The Bangla language got its preliminary shape from the Buddhist ‘Charya’ and ‘Donha’ dialects one thousand years ago. During the thousand year history of the Bangla-speaking Bangalis, many Kings, Badshahs, Sultans and Nawabs ruled this land, sometimes independently, sometimes as subordinates. The ordinary Bangalis always remained as subjects during those rules. They never became free citizens. The Bangalis became free citizens of an independent country for the first time following the victory of 16 December 1971.
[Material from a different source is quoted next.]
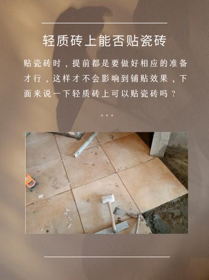 综上所述,轻质砖上可以贴瓷砖,但需注意施工质量和粘贴牢固度。

Although there was freedom from the bondage of colonial rule in 1947, the Bangalis found that they were tied to a crueller colonial exploitation through the creation of Pakistan. This realization dawned on some people when they observed that the capital, central administration, and the centre of everything were located in West Pakistan despite the Bangalis making up 55 percent of Pakistan’s population.প্রথম পঞ্চবার্ষিকী পরিকল্পনা

The Bangalis viewed the attempt to take away their right of language as an even ruder slap. The Bangali professors and pundits like Dr. Muhammad Shahidullah, Dr. Qazi Motahar Husain and Dr. Md. Enamul Haque protested against this move. Vocal protests were also raised on behalf of the student community of Dhaka University. Then a youth leader, Bangabandhu Sheikh Mujibur Rahman played a leading role in these protests.
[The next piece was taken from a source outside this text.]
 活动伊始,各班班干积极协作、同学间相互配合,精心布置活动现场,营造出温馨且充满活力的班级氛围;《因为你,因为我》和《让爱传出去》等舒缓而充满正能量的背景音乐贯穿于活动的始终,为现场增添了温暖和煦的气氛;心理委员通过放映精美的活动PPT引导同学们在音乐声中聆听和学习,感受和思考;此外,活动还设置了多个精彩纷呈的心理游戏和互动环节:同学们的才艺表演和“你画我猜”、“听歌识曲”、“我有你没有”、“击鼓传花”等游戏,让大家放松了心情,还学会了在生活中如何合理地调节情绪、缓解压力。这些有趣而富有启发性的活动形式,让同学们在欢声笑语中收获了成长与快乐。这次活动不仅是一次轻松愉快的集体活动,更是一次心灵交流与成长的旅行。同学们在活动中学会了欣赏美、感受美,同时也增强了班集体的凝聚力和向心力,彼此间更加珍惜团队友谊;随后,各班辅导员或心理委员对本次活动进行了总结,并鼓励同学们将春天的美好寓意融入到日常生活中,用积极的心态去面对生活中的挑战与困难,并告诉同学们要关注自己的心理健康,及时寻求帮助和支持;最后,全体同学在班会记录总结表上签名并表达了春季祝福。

This dissent was floated when the then East Pakistan Muslim Chhatra League formed the ‘Language Action Council’ and called for a strike in Dhaka on 11 March 1948. Around 70-75 students were arrested during this student-strike. As the East Bengal Provincial Assembly was in session at that juncture, the Prime Minister Khwaja Nazimuddin released from jail the top leader of the ‘Language Action Council’ Sheikh Mujibur Rahman along with his compatriots on 15 March through a kind of compromise. Later, the language movement achieved fruition through the shedding of blood by martyrs on 21 February 1952.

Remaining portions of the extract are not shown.